Von Rena Fischer auf Mittwoch, 29. März 2017
Kategorie: Verschiedenes

Mit Gedanken singen und mit Worten malen

Von Joubert gibt es noch ein zweites fantastisches Zitat über das Schreiben: "Nicht meine Worte sollen geschliffen sein, sondern meine Gedanken. Ich halte inne, bis der Tropfen des Lichts, dessen ich bedarf, sich gebildet hat und aus meiner Feder fließt.

Warum reicht es nicht aus, die Worte zu schleifen? Welche Fehler können einem dabei unterlaufen? 

Nun, ich bin weder eine hervorragende Joubert-Kennerin noch eine Schreib-Expertin. Aber vielleicht interessiert es euch, welche Gedanken ich mir zu diesem Zitat gemacht habe. 
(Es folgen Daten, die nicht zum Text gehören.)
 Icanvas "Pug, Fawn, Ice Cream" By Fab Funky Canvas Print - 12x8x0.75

"Innehalten" bedeutet für mich, sich in die Situation versetzen. Wie in einem Film die Szene vor Augen haben (der Tropfen des Lichts bildet sich) und dann die Charaktere sprechen lassen. So, wie sie in eben diesem Augenblick empfinden. 
Dummerweise geben sie mittlerweile auch im Alltag in allen möglichen Situationen einen Kommentar zu meinen Erlebnissen ab, aber das ist ein anderes Thema und soll - wie Ende so schön sagte- ein andermal erzählt werden, vielleicht unter der Rubrik: You know you're a writer if (No.1: the characters you created are talking to you all the time).
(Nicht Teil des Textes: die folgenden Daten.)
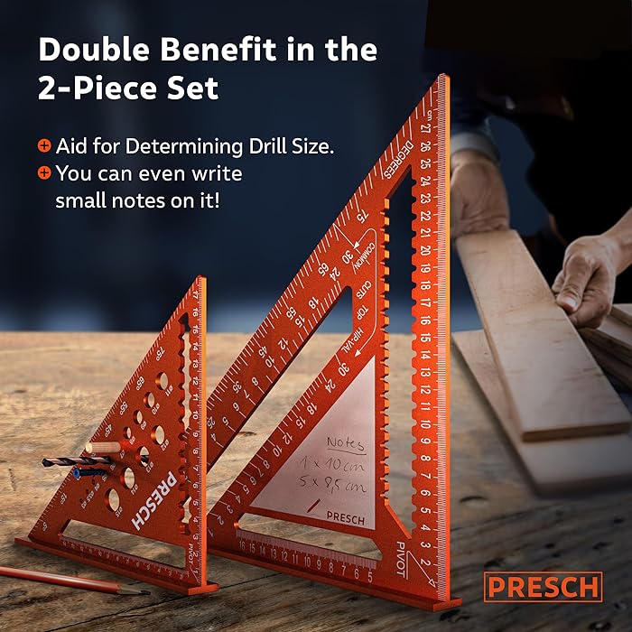 ✔️ Versatility: The triangular shape allows for measuring and marking straight lines and angles, making it ideal for tasks such as marking stair stringers, roof pitches, and various angles required for intricate carpentry work.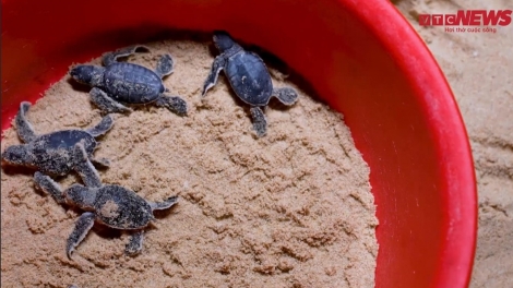 (VOV5) - 0h sáng 22/7, một ổ trứng rùa biển quý hiếm đã nở tại xã Nhơn Hải (Quy Nhơn, Bình Định) với số lượng 47 con.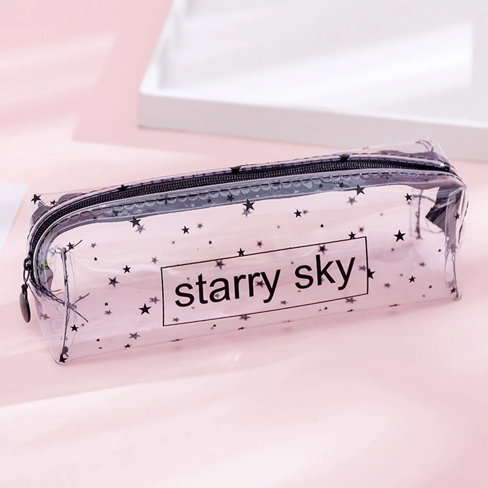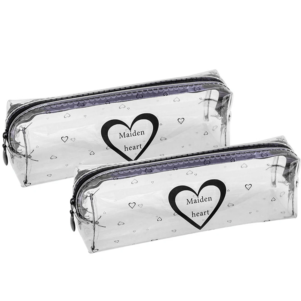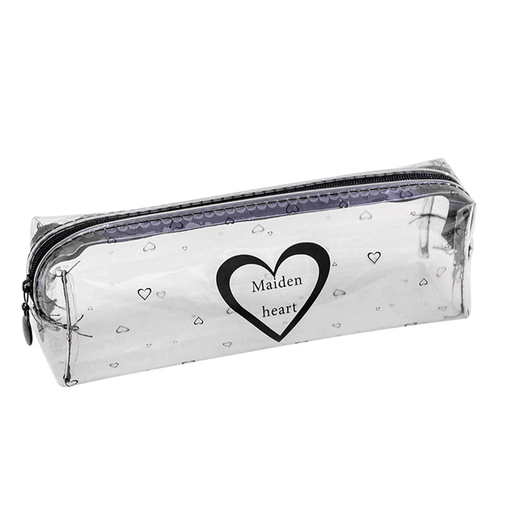 Прозрачный чехол для карандашей с надписью в виде сердца

Ich gebe mal ein Beispiel aus meinem zweiten Band "Chosen - Das Erwachen":

(Vorsicht, Spoiler! Wer sich die Spannung in den ersten Kapiteln erhalten möchte, liest das jetzt besser nicht!).

Es ist Frühling.
Und ich schreibe aus verschiedenen Perspektiven. Unwichtig für die Beschreibung der erblühenden Natur? Von wegen! Der zynische, in seinem Leben bereits vielfach enttäuschte Jacob MacAengus wird einen ganz anderen Blick auf die Welt werfen, als die emotionale Emma. Wie wir die Dinge sehen, die uns alltäglich passieren, hängt schließlich von unserer Vergangenheit und der gegenwärtigen Situation ab, in der wir uns befinden. Das kennt jeder von uns. Wer den halben Winter lang erkältet im Bett liegt, wird anders auf die ersten Schneeflocken reagieren, wie jemand, der jedes Wochenende begeistert in den Bergen Ski fährt.
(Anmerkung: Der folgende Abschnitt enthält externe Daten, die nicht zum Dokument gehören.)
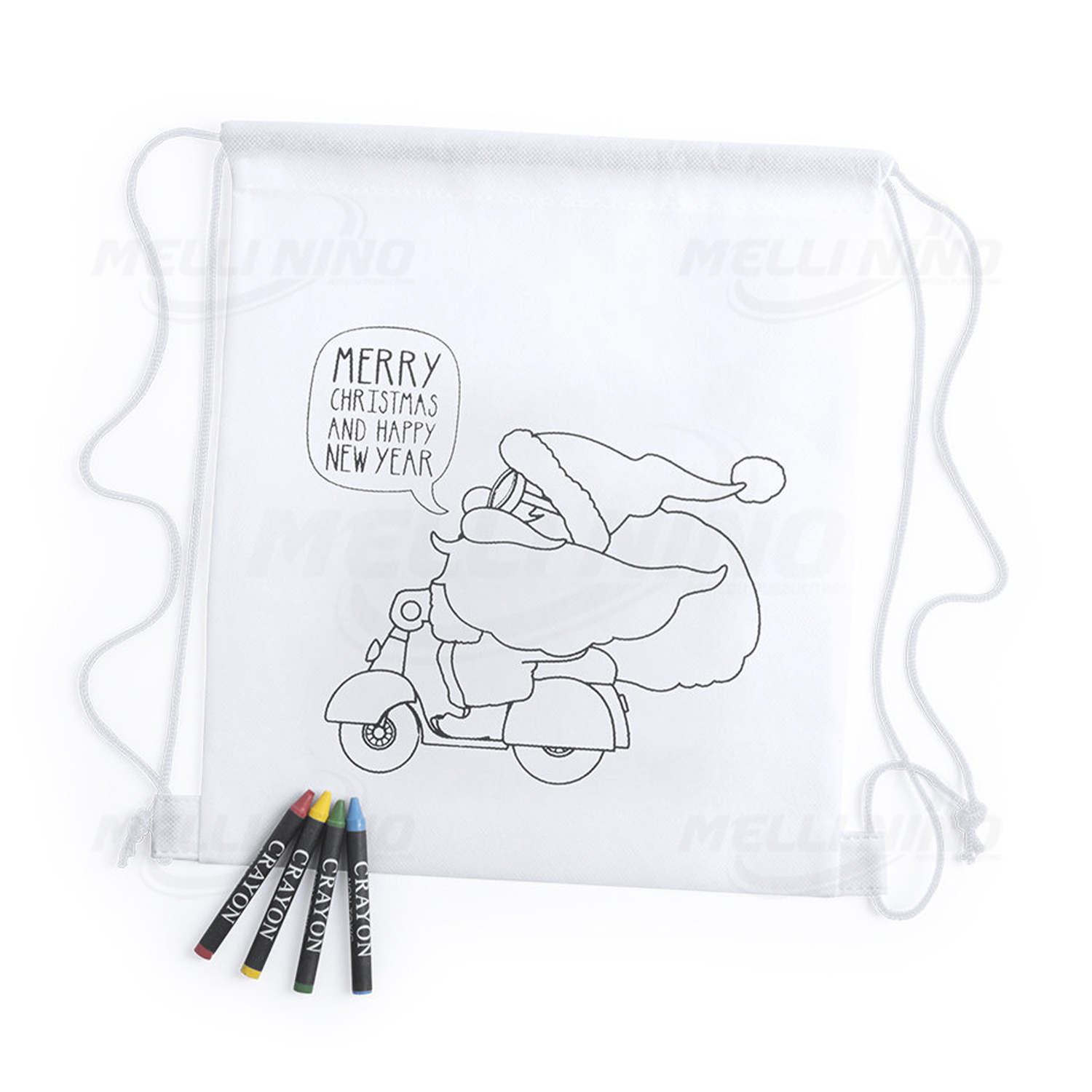 Sacca da colorare “Santa” personalizzata, in TNT con una simpatica stampa di Babbo Natale da colorare. Set di Pastelli a cera inclusi!

Schreibe ich also an einem Kapitel aus Jacobs Sicht, wird er sicher nicht schwärmerisch den Sonnenaufgang betrachten und sich am Zwitschern der Vögel erfreuen. Was nützt mir also die mit viel Herzblut im letzten Frühjahr verfasste Beschreibung der aufblühenden Natur bei einem meiner Spaziergänge im Wald? Gar nichts. Okay, stimmt so nicht, jedes Schreiben ist eine Fingerübung, wie beim Tonleiterüben am Klavier. 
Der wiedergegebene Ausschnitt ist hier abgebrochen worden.